At the hearing, the Defendants swore that they have never purposefully interfered with Columbia's access to the property. See, e.g., id. at 6:8-25. They say that they have provided continuous access and are willing to permit Columbia's completion of core sample collection and restoration of the property. See id. at 9:15-18; 16:7-18:9. They acknowledge that they have questioned Columbia's employees about the extent of their access to the property because the Defendants believe that Columbia has exceeded the scope of Judge Motz's order. See, e.g., id. at 7:23-8:3; 11:4-13; 19:1-11. Mr. Bosley testified that Columbia had access to, and was on, the property as recently as January 14, 2014. Id. at 8:14-25.

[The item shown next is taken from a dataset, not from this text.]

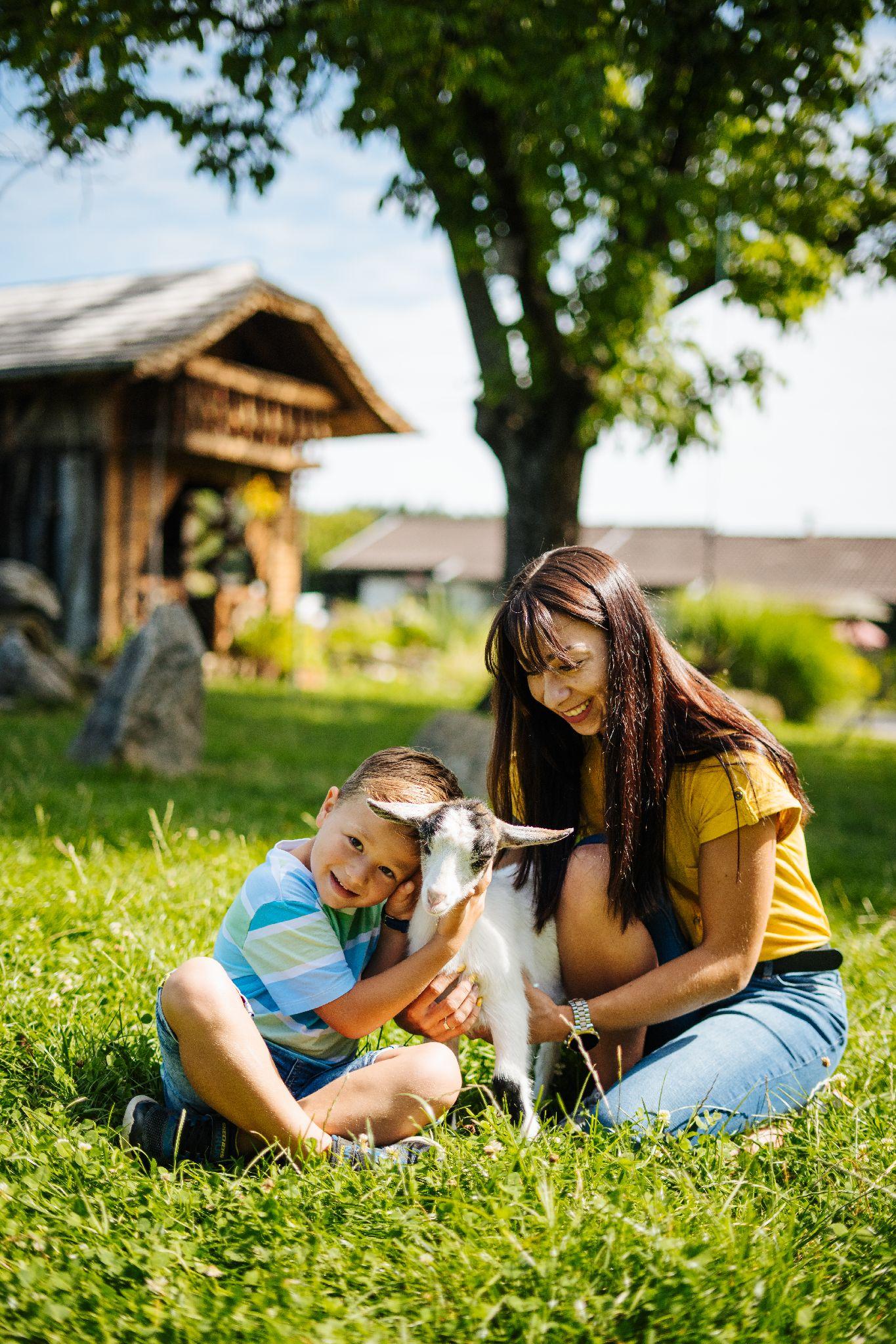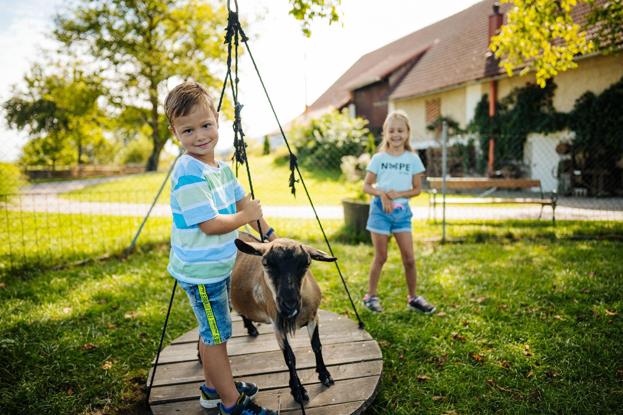 Genießen Sie auf unserem riesigen Hof-Areal die Ruhe, während sich die Kids bei den Streicheltieren oder am großen Spielplatz austoben.

A large part of the hearing was devoted to the parties' arguments about the scope of Judge Motz's order and whether it had been exceeded by Columbia. The Defendants repeatedly asked the Court to clarify Judge Motz's order, and provide written restrictions on Columbia's access to their property. See id. at 19:1-11.

II. Analysis

The standard for granting a temporary restraining order and a preliminary injunction under Fed.R.Civ.P. 65(b) is the same.[5] Temporary injunctive relief is an "extraordinary remed[y] involving the exercise of very far-reaching power [and is] to be granted only sparingly and in limited circumstances." MicroStrategy Inc. v. Motorola, Inc., 245 F.3d 335, 339 (4th Cir. 2001) (internal quotation marks omitted). Because such relief "requires that a district court, acting on an incomplete record, order a party to act, or refrain from acting, in a certain way, " "[t]he danger of a mistake in this setting is substantial." Hughes Network Sys., Inc. v. InterDigital Commc'ns Corp., 17 F.3d 691, 693 (4th Cir. 1994) (internal quotation marks omitted).

To obtain a temporary restraining order, the movant must demonstrate that: (1) it's likelihood to succeed on the merits; (2) it's likelihood to suffer irreparable harm absent such relief; (3) the balance of equities favors it; and (4) the relief sought is in the public interest. See Winter v. Natural Res. Def. Council, Inc., 555 U.S. 7, 20 (2008); Real Truth About Obama, Inc. v. Fed. Election Comm'n, 575 F.3d 342, 346 (4th Cir. 2009), vacated on other grounds, 130 S.Ct. 2371 (2010), reinstated in relevant part on remand, 607 F.3d 355 (4th Cir. 2010) (per curiam).

Here, the determination of Columbia's entitlement to relief depends upon the resolution of factual disputes between Tanya Johnson's declaration and the Defendants' hearing testimony. Columbia provided no clear indication why emergency relief is necessary given the acknowledgment that Columbia has had continuing access, [6] its employees are accompanied by armed off-duty police officers, and the Defendants have stated their willingness to permit access until the work is completed.[7] See Hearing Tr. at 7:5-10; 9:15-18; 13:8-14; 16:7-18:9.

For these reasons, Columbia's second motion for a temporary restraining order was denied without prejudice. See Sinclair Refining Co. v. Midland Oil Co., 55 F.2d 42, 45 (4th Cir. 1932) ("[T]he granting of a temporary restraining order or preliminary injunction is within the sound judicial discretion of the court...."). Based on the facts presented at the hearing, Columbia still has access to the property, and has exercised that right of access as recently as January 14, 2015. The Court emphasizes that the Defendants must comply with any prior court orders.

It is apparent to the Court that the parties' true contentions surround the scope of Judge Motz's prior order, and that many of the confrontations between the Defendants and Columbia arise out of their differing interpretations of what Judge Motz's order grants Columbia. The clarification of the order and the prescription of limitations should be left to the discretion of Judge Motz, who is the best authority on the scope of his order. If the parties require clarification, they should seek it from Judge Motz.

III. Conclusion

For the reasons stated above, Columbia's motion for a temporary restraining order was denied without prejudice during the phone conference hearing on January 15, 2015.